> [Data to use]
----------------

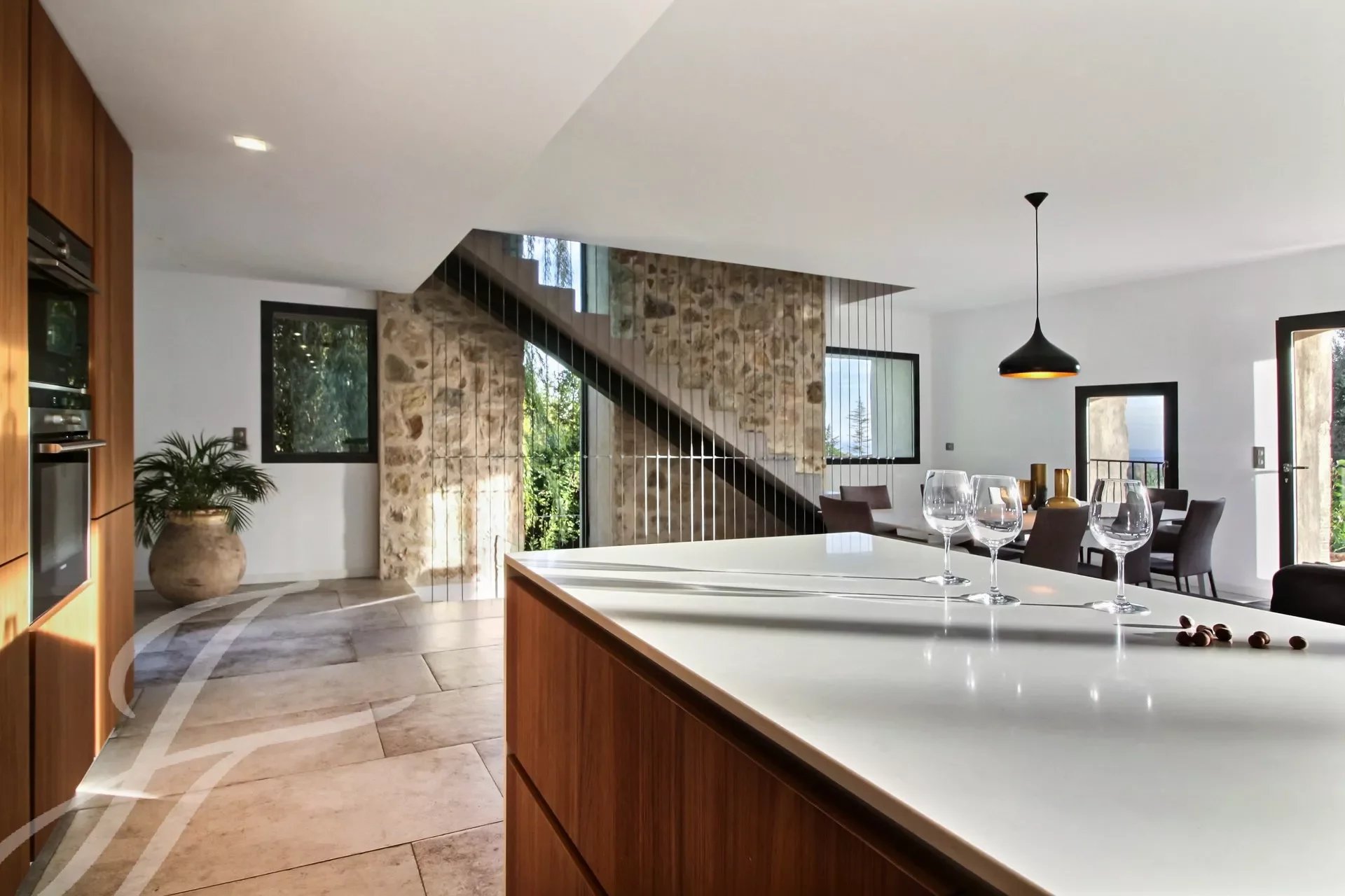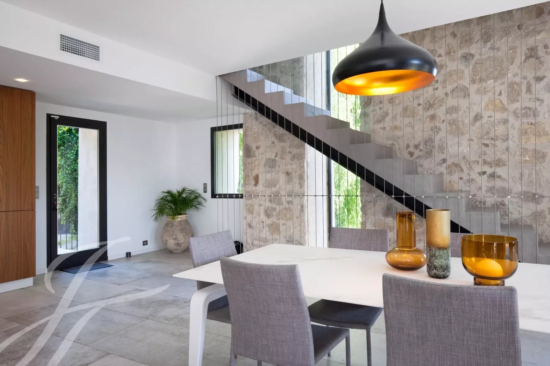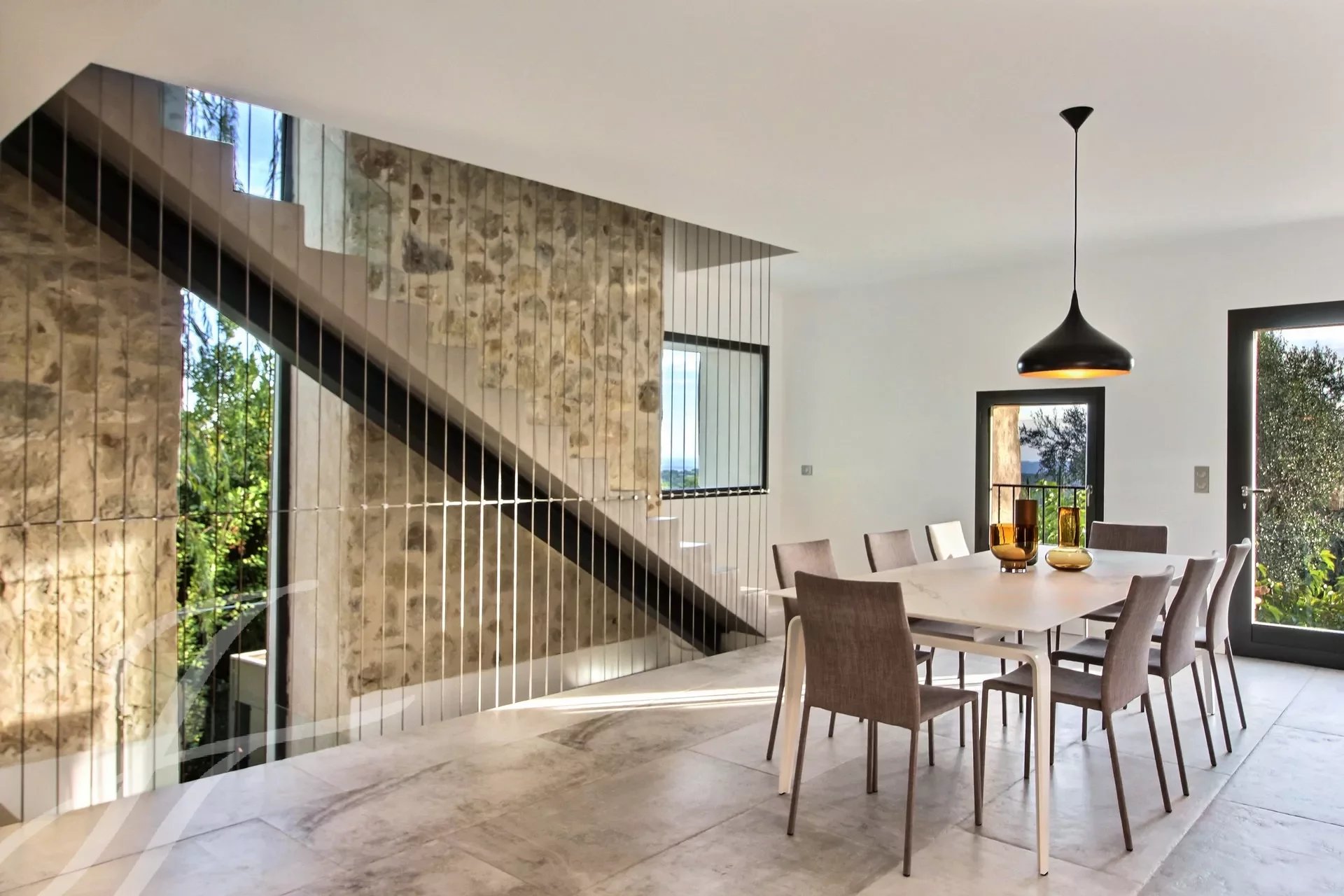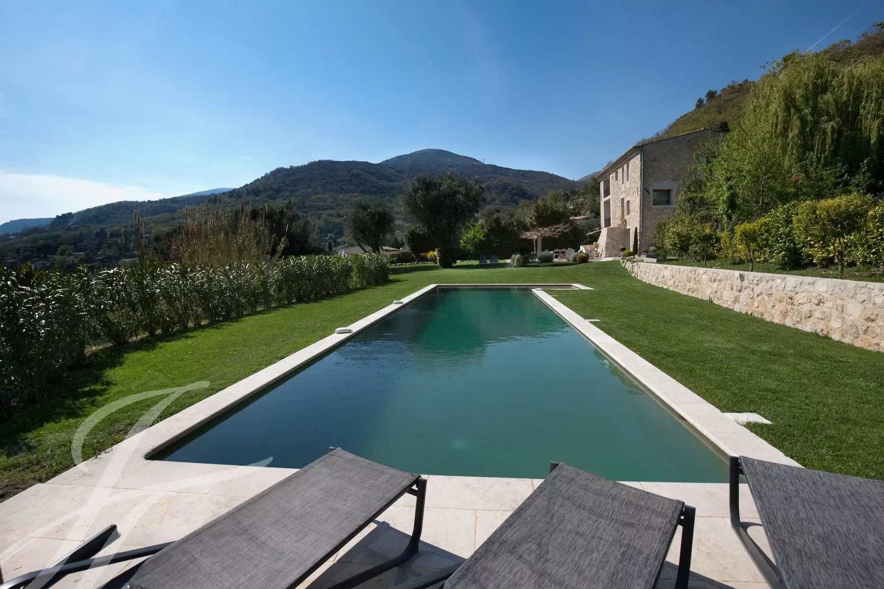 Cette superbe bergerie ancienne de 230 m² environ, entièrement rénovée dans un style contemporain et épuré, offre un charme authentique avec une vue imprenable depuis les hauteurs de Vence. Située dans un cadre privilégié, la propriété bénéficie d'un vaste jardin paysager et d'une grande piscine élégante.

----------------

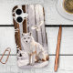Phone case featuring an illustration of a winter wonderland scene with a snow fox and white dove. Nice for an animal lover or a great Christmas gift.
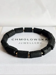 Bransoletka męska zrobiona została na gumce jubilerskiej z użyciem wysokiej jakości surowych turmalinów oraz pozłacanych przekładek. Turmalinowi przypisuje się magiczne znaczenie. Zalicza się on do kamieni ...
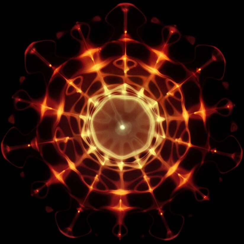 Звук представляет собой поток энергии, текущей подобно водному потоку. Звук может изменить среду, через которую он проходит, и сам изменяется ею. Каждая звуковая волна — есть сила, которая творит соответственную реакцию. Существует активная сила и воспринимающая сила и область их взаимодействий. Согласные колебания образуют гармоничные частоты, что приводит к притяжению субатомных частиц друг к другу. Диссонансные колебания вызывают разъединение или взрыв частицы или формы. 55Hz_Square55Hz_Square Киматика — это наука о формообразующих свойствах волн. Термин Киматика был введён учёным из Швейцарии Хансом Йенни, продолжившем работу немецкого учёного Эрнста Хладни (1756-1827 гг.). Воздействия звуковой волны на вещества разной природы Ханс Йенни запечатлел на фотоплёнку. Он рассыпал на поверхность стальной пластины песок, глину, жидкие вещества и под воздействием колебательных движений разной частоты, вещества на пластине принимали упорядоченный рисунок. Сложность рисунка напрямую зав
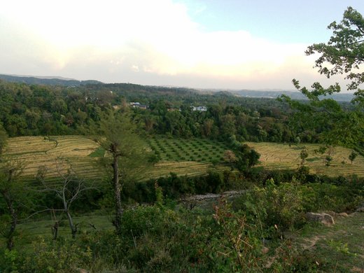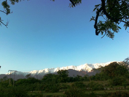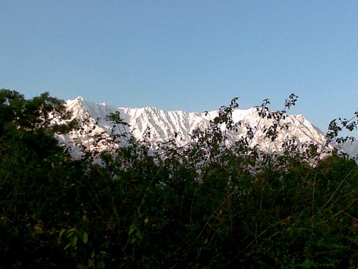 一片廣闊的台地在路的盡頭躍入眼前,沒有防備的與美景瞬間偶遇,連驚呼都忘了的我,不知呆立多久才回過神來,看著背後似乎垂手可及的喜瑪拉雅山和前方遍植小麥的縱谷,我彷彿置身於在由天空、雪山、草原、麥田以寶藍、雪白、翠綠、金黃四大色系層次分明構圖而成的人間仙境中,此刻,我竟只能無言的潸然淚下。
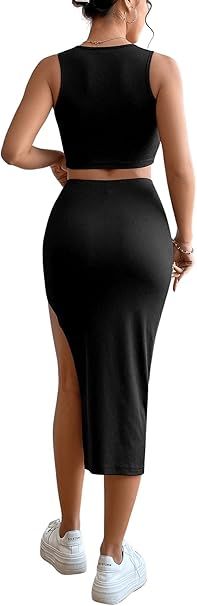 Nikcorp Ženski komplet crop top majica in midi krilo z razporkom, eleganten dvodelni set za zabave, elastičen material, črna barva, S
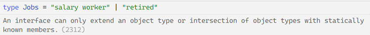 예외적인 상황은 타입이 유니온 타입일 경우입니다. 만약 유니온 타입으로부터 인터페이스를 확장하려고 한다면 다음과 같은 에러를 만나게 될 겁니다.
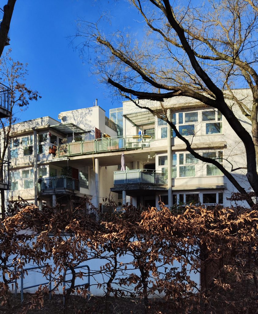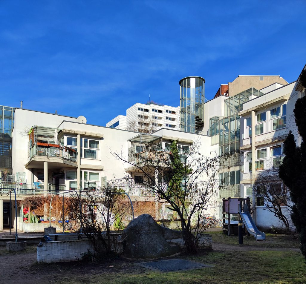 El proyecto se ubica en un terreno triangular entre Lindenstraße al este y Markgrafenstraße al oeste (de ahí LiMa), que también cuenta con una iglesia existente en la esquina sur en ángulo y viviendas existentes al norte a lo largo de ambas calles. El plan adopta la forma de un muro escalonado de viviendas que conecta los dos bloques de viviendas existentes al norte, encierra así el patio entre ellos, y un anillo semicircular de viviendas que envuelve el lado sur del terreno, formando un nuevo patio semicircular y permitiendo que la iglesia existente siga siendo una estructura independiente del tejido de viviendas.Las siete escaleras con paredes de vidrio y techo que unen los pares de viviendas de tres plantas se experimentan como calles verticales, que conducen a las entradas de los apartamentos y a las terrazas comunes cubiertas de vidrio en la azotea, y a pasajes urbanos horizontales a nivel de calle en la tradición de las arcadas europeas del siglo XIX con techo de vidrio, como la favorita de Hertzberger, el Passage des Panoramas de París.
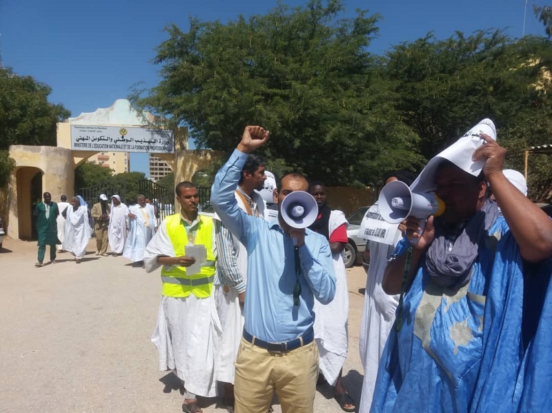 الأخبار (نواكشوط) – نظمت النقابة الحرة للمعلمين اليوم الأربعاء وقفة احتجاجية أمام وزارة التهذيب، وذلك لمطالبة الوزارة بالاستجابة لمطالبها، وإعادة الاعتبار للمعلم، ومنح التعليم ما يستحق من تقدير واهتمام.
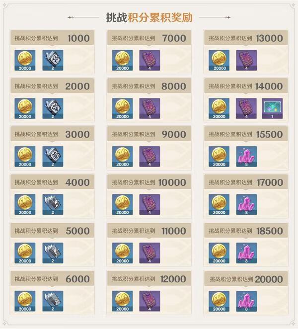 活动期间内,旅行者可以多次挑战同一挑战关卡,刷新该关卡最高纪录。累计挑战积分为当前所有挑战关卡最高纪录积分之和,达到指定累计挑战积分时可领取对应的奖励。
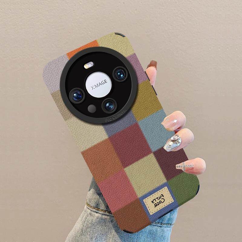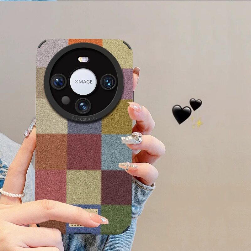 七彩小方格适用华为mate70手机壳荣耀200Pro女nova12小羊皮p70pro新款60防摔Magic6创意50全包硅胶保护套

----------------

> [Task brief] In the records above, everything from the line with "예외적인 상황은 타입이" down to the line with "الأخبار (نواكشوط) –" must be duplicated exactly, both lines kept. Leave no pictures in.

> [Answer for the task]
 예외적인 상황은 타입이 유니온 타입일 경우입니다. 만약 유니온 타입으로부터 인터페이스를 확장하려고 한다면 다음과 같은 에러를 만나게 될 겁니다.
 El proyecto se ubica en un terreno triangular entre Lindenstraße al este y Markgrafenstraße al oeste (de ahí LiMa), que también cuenta con una iglesia existente en la esquina sur en ángulo y viviendas existentes al norte a lo largo de ambas calles. El plan adopta la forma de un muro escalonado de viviendas que conecta los dos bloques de viviendas existentes al norte, encierra así el patio entre ellos, y un anillo semicircular de viviendas que envuelve el lado sur del terreno, formando un nuevo patio semicircular y permitiendo que la iglesia existente siga siendo una estructura independiente del tejido de viviendas.Las siete escaleras con paredes de vidrio y techo que unen los pares de viviendas de tres plantas se experimentan como calles verticales, que conducen a las entradas de los apartamentos y a las terrazas comunes cubiertas de vidrio en la azotea, y a pasajes urbanos horizontales a nivel de calle en la tradición de las arcadas europeas del siglo XIX con techo de vidrio, como la favorita de Hertzberger, el Passage des Panoramas de París.
 الأخبار (نواكشوط) – نظمت النقابة الحرة للمعلمين اليوم الأربعاء وقفة احتجاجية أمام وزارة التهذيب، وذلك لمطالبة الوزارة بالاستجابة لمطالبها، وإعادة الاعتبار للمعلم، ومنح التعليم ما يستحق من تقدير واهتمام.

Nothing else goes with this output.